[Python-ideas] chdir context manager
MRAB
python at mrabarnett.plus.com
Sat Jan 19 19:32:21 CET 2013
On 2013-01-19 18:07, Terry Reedy wrote:
> On 1/19/2013 10:06 AM, Daniel Shahaf wrote:
>> Terry Reedy wrote on Sat, Jan 19, 2013 at 08:37:17 -0500:
>>> On 1/19/2013 5:10 AM, Daniel Shahaf wrote:
>>>> The following is a common pattern (used by, for example,
>>>> shutil.make_archive):
>>>>
>>>> save_cwd = os.getcwd()
>>>> try:
>>>> foo()
>>>> finally:
>>>> os.chdir(save_cwd)
>>>>
>>>> I suggest this deserves a context manager:
>>>>
>>>> with saved_cwd():
>>>> foo()
>>>
>>> So to me, your proposal is only 1/2 or 2/3 of a context manager. (And
>>> 'returns an open file descriptor for the saved directory' seems backward
>>> or wrong for a context manager.) It does not actually make a new
>>
>> What should __enter__ return, then?
>>
>> It could return None, the to-be-restored directory's file descriptor, or
>> the newly-changed-to directory (once a "directory to chdir to" optional
>> argument is added). The latter could be either a pathname (string) or
>> a file descriptor (since it's just passed through to os.chdir).
>>
>> It seems to me returning the old dir's fd would be the most useful of
>> the three option, since the other two are things callers already have
>> --- None, which is global, and the argument to the context manager.
>
> make_archive would prefer the old dir pathname, as it wants that for the
> logging call. But I do not think that that should drive design.
>
>>> context. A proper temp_cwd context manager should have one parameter,
>>> the new working directory, with chdir(new_cwd) in the enter method. To
>>> allow for conditional switching, the two chdir system calls could be
>>> conditional on new_cwd (either None or '' would mean no chdir calls).
>>>
>>
>> I think making the new_cwd argument optional would be useful if the
>> context manager body does multiple chdir() calls:
>>
>> with saved_cwd():
>> os.chdir('/foo')
>> do_something()
>> os.chdir('/bar')
>> do_something()
>>
>> I'm not sure if that's exactly what you suggest --- you seem to be
>> suggesting that saved_cwd(None) will avoid calling fchdir() from
>> __exit__()?
>
> I was, but that is a non-essential optimization. My idea is basically
> similar to Bueno's except for parameter absent versus None (and the two
> cases could be handled differently).
>
> I think this proposal suffers a bit from being both too specific and too
> general.

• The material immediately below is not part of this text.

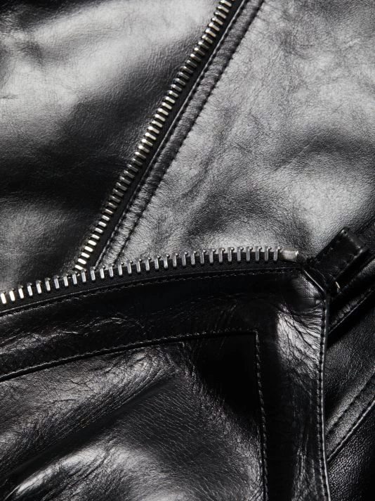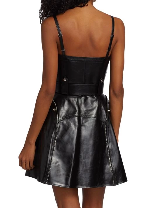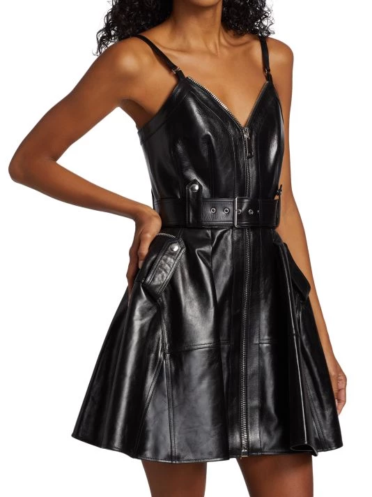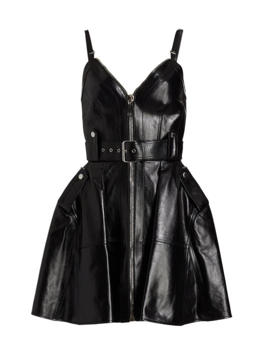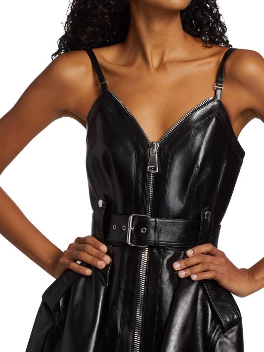 Alexander McQueen’s belted Biker dress is made of cowhide leather, featuring V-neck, adjustable straps, and exposed zip trim.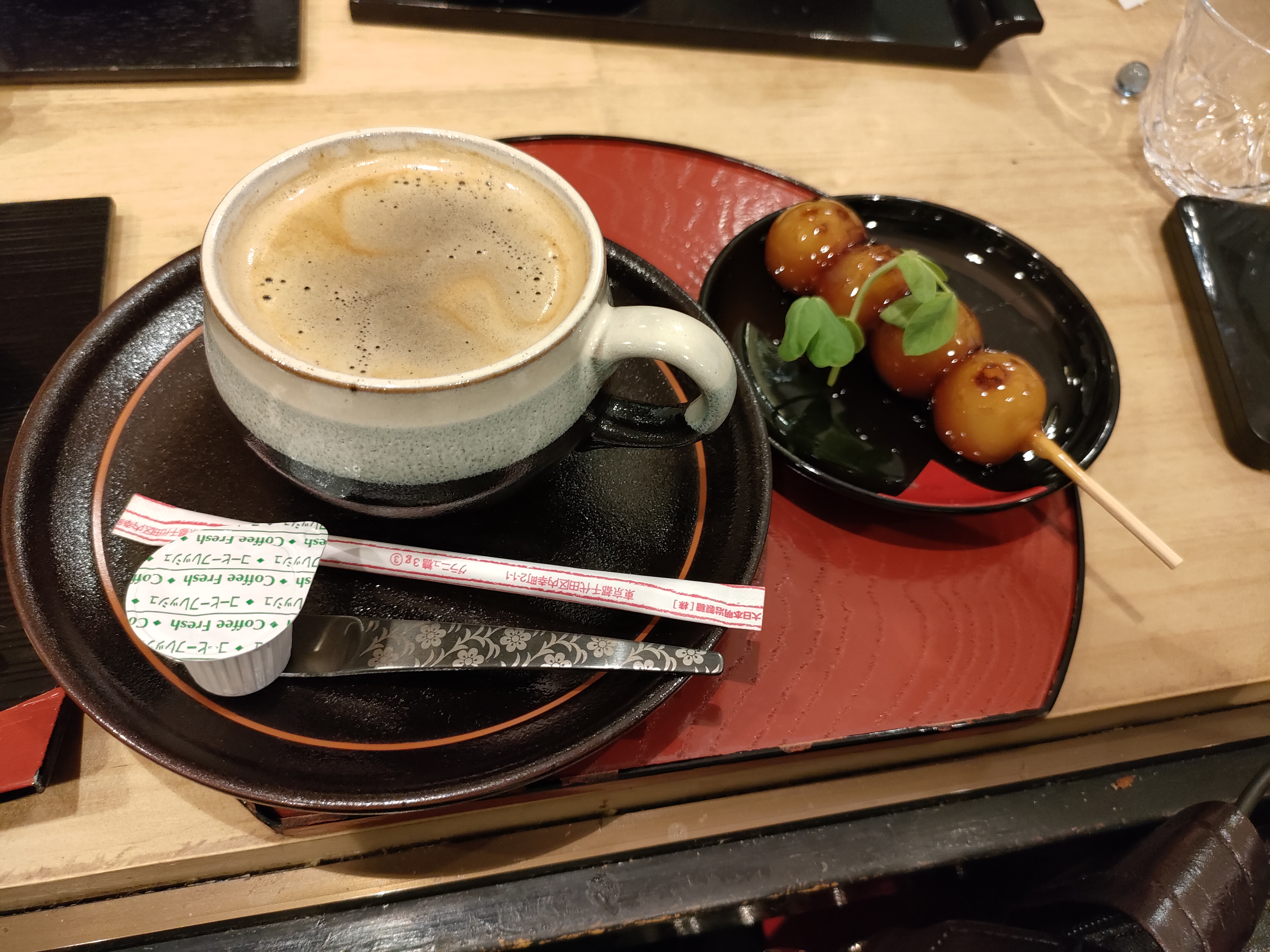 こんな感じで珈琲にはお団子が付くし、ぜんざいはなみなみと注がれるし、おもちもたっぷり(笑)

Eli explained the 'too specific' part: there are many things
> that might be changed and changed back. The 'too general' part is that
> specific applications need different specific details. There are various
> possibilities of what to do in and return from __enter__.
>
> However, given the strong -1 from at least three core developers and
> one other person, the detail seem moot.
>
FWIW, -1 from me too because, as has been said already, you shouldn't
really
be using os.chdir; use absolute paths instead.